Should we still try to call handle_error in _serialize so that the error can be customized per schema on dump?

deckar01 on 17 Jul 2019

Probably not? handle_error is meant for handling ValidationError, which we're proposing should only get raised on deserialization.

sloria on 17 Jul 2019

👍2

@NilsBarlaug-cognite @rileyjohngibbs Can you speak about your use cases here?

We have a library which helps users work with some specific JSON documents (which they might use locally or against our HTTP API). Basically letting them easily load, dump and modify these JSON documents in a Python native way. For improved user experience we validate the JSON documents both on load and dump. The user can create/modify a document in Python - so we have no guarantees that the data is valid when we dump it.

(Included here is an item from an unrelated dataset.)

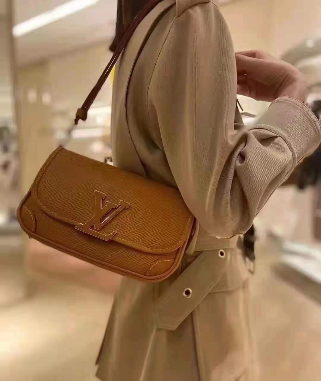 設計綴有滑面皮革包角、飾邊和風琴式摺邊,彰顯經典袋款的柔和線條,加上同色調LV樹脂裝飾,增添現代時尚氣息。
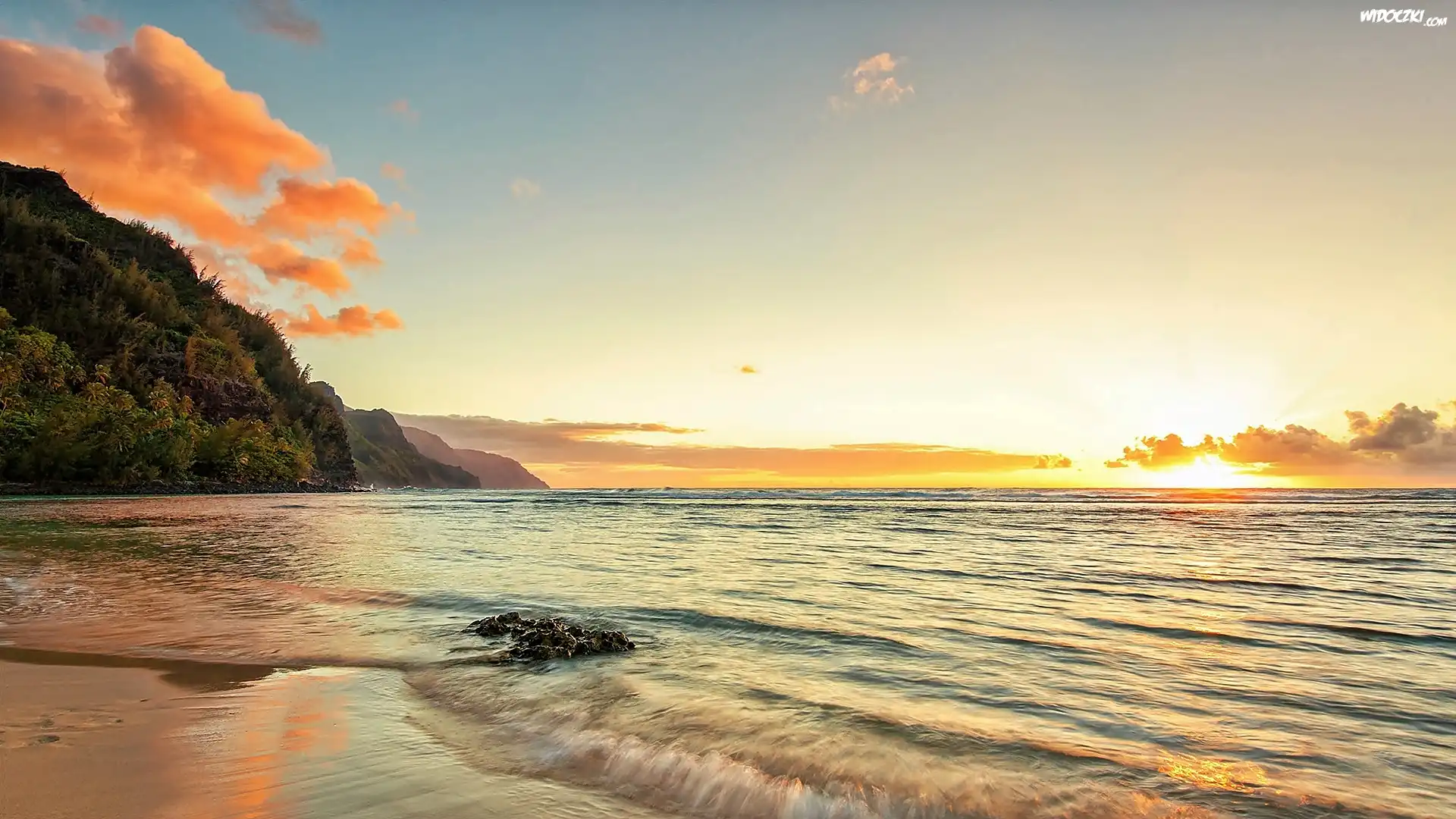 Zdjęcia, Morze, Plaża, Kauai, Promienie, Słońca, Hawaje

This is probably not the intended use of Marshmallow since you remove dump validation. Do you have any suggestion on how to achieve the same when you remove dump validation?

NilsBarlaug-cognite on 5 Aug 2019

Under the hood, validate calls the same logic as load, it just doesn't return the deserialized data.

deckar01 on 5 Aug 2019

👍1

@deckar01 As far as I understand, load accepts dicts of primitive types whereas dump would accept native Python objects. Does this mean that the validation feature would be limited to objects composed of primitive types only? How would one go about validating a native object?

ckanesan on 7 Aug 2019

@ckanesan you're right about validate taking serialized (primitive types) data as input.

Maybe you could call it after serialization, but it might fail on edge cases (e.g. asymmetrical dump/load keys, pre-post processings,...).

We can't really extract validation from the loading process because it is done in each field's deserialization method. It is not a two-step process (deserialization, then validation), except for schema validators, that occur at the end of the process.